DATASET SECTION »
------------------------

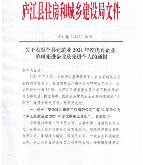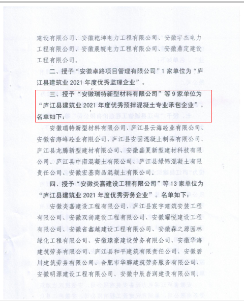 7月5日廬江縣住房和城鄉(xiāng)建設局公布廬住建【2022】58號文件《關于表彰全縣建筑業(yè)2021年度優(yōu)秀企業(yè)、單項先進企業(yè)及先進個人的通報》。在表彰中授予“安徽瑞特新型材料有限公司”等9家單位為“廬江縣建筑業(yè)2021年度優(yōu)秀預拌混凝土專業(yè)承包企業(yè)”。
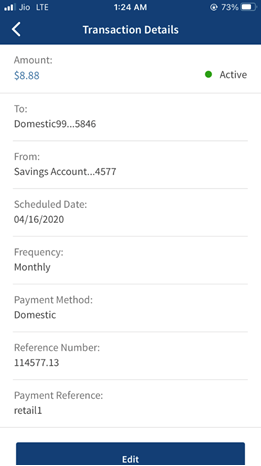 Select the required transaction and click edit to edit the details. The app navigates to the Make Payment screen. By default, the app auto-fills the same fields for the new transaction as the original transaction.
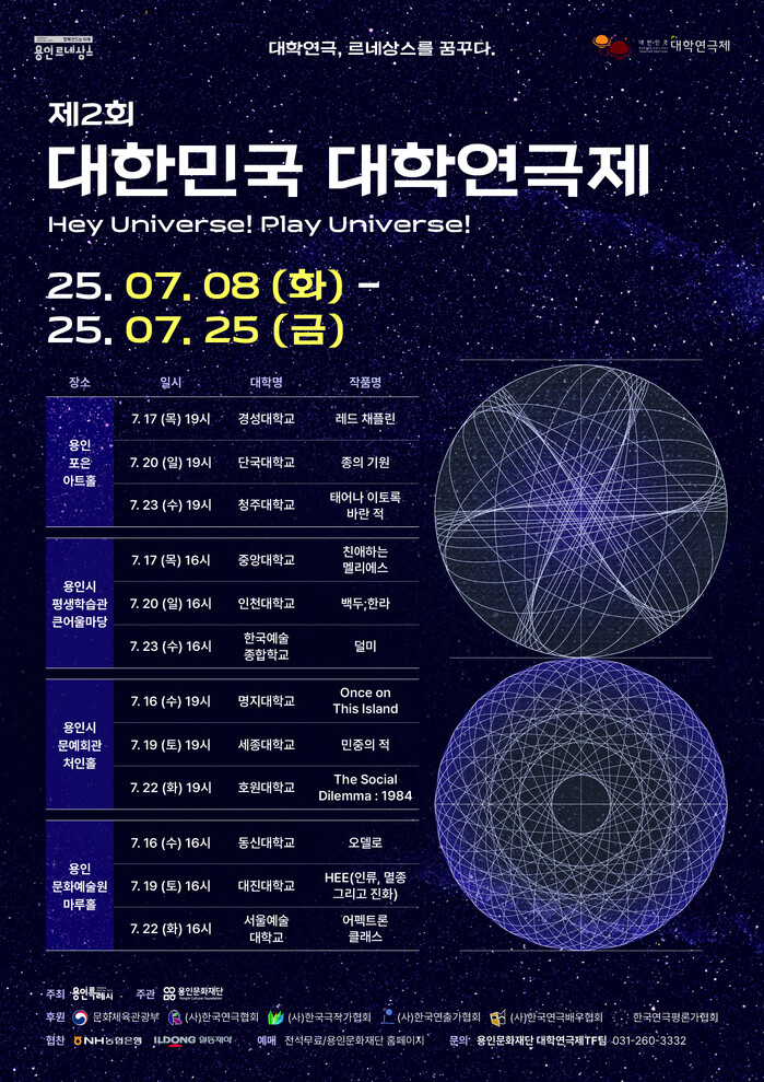 ‘제2회 대한민국 대학연극제’의 자세한 정보는 용인문화재단 홈페이지 또는 전화(☎ 031-260-3338)로 문의하면 된다.

------------------------

WHAT IS EXPECTED »
Please repeat the data above exactly as it appears, pictures excluded.

SOLUTION TO THIS EXERCISE »
 7月5日廬江縣住房和城鄉(xiāng)建設局公布廬住建【2022】58號文件《關于表彰全縣建筑業(yè)2021年度優(yōu)秀企業(yè)、單項先進企業(yè)及先進個人的通報》。在表彰中授予“安徽瑞特新型材料有限公司”等9家單位為“廬江縣建筑業(yè)2021年度優(yōu)秀預拌混凝土專業(yè)承包企業(yè)”。
 Select the required transaction and click edit to edit the details. The app navigates to the Make Payment screen. By default, the app auto-fills the same fields for the new transaction as the original transaction.
 ‘제2회 대한민국 대학연극제’의 자세한 정보는 용인문화재단 홈페이지 또는 전화(☎ 031-260-3338)로 문의하면 된다.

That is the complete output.